Mar 14th, 2014


The skeleton watches have had their cases partially removed or significantly modified to display these interior parts. Therefore, the timepiece makers reveal the best movements or the most attractive design within the skeleton watches. Some of them rest on your wrist providing a bare skeletal glimpse through the mechanism while other designs display various sections of the mechanics held within. When we look through the past we will see some examples of the skeleton designs in other timepieces such as Mevlevi clocks. They were very popular during the Ottoman Empire.

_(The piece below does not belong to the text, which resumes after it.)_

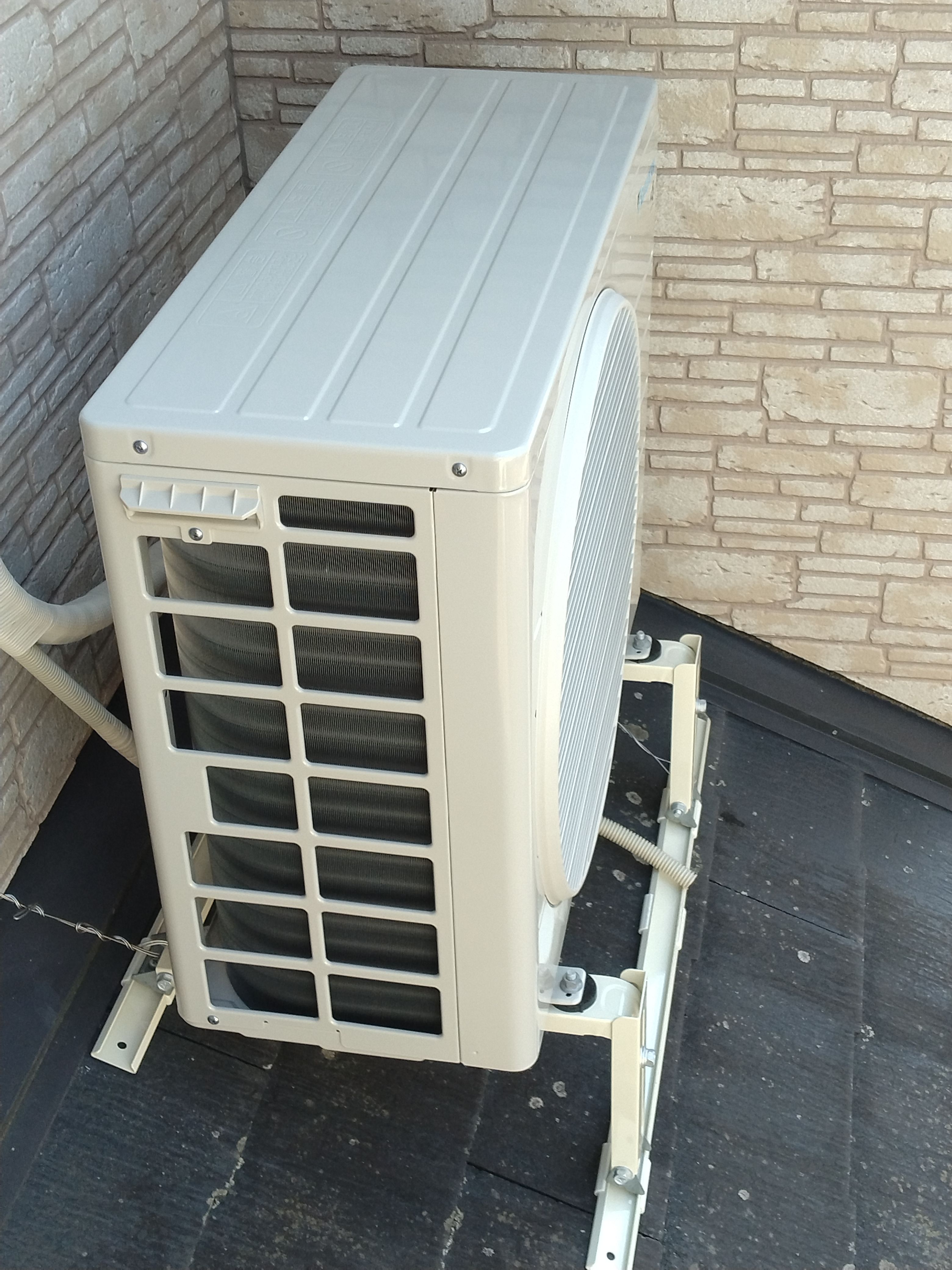 その後、早良区でエアコン工事をしました。こちらも建築屋さんからの依頼です。室外機屋根置きでした。

Ottoman sultans were fond of them because of the unique skeleton design and the ability to display the times of prayer. This perfectly reflects the meaning of a famous phrase, “Either act in accordance with the way you look, or look in accordance with the way you act!” quoted by Mevlana. These unique watches in which the case and various parts of the movement are transparent are called “open case.” There are different speculations about how this design’s origin came about. The first story reaches past into the 18th century. According to this story a soldier of Napoleon’s Grand Army had a huge problem in the middle of the war.

His rifle was damaged and needed to be repaired before the attack. So he took his knife and gently removed the metal from his watch, careful not to take any pieces from the interior. That watch is still exhibited in the museum of the Napoleon Army at Les Invalids in Paris. According to the second story, the father of the skeleton watch is considered to be Andre Charles Caron. He lived between 1720 and 1760 and he learned everything from his father who happened to be a master watchmaker. Andre Charles Caron was 40 years old when he made the skeleton design, which henceforth exposed their innermost secrets.

He methodically exposed open working plates, bars and bridges, to reveal what lay underneath. So for the first time we have seen the wheels and gears of classic timepieces. Watchmakers gradually began referring to expertly and minutely engraved handwork as skeletonizing. During the 1920s these transparent models were valued more and more by the manufacturers of such recognized brand names such as Vacheron Constantin and Cartier. Those models rapidly became trendier. Crystal quartz, known as a rock crystal and is believed nowadays to gather the positive energy inside, was used in these limited edition skeleton designs crystals to clearly show the watch’s interior. The skeletonized watches, which consist of the foremost models in the fine watch making industry, are typically mechanically manufactured. Some exhibit the mechanism partially hidden and the others reveal every detail beautifully, which is known “openwork models.”

They are the most beautiful models on the market today. These models are so translucent that you can see both your wrist and sophisticated functions inside their artistic creation.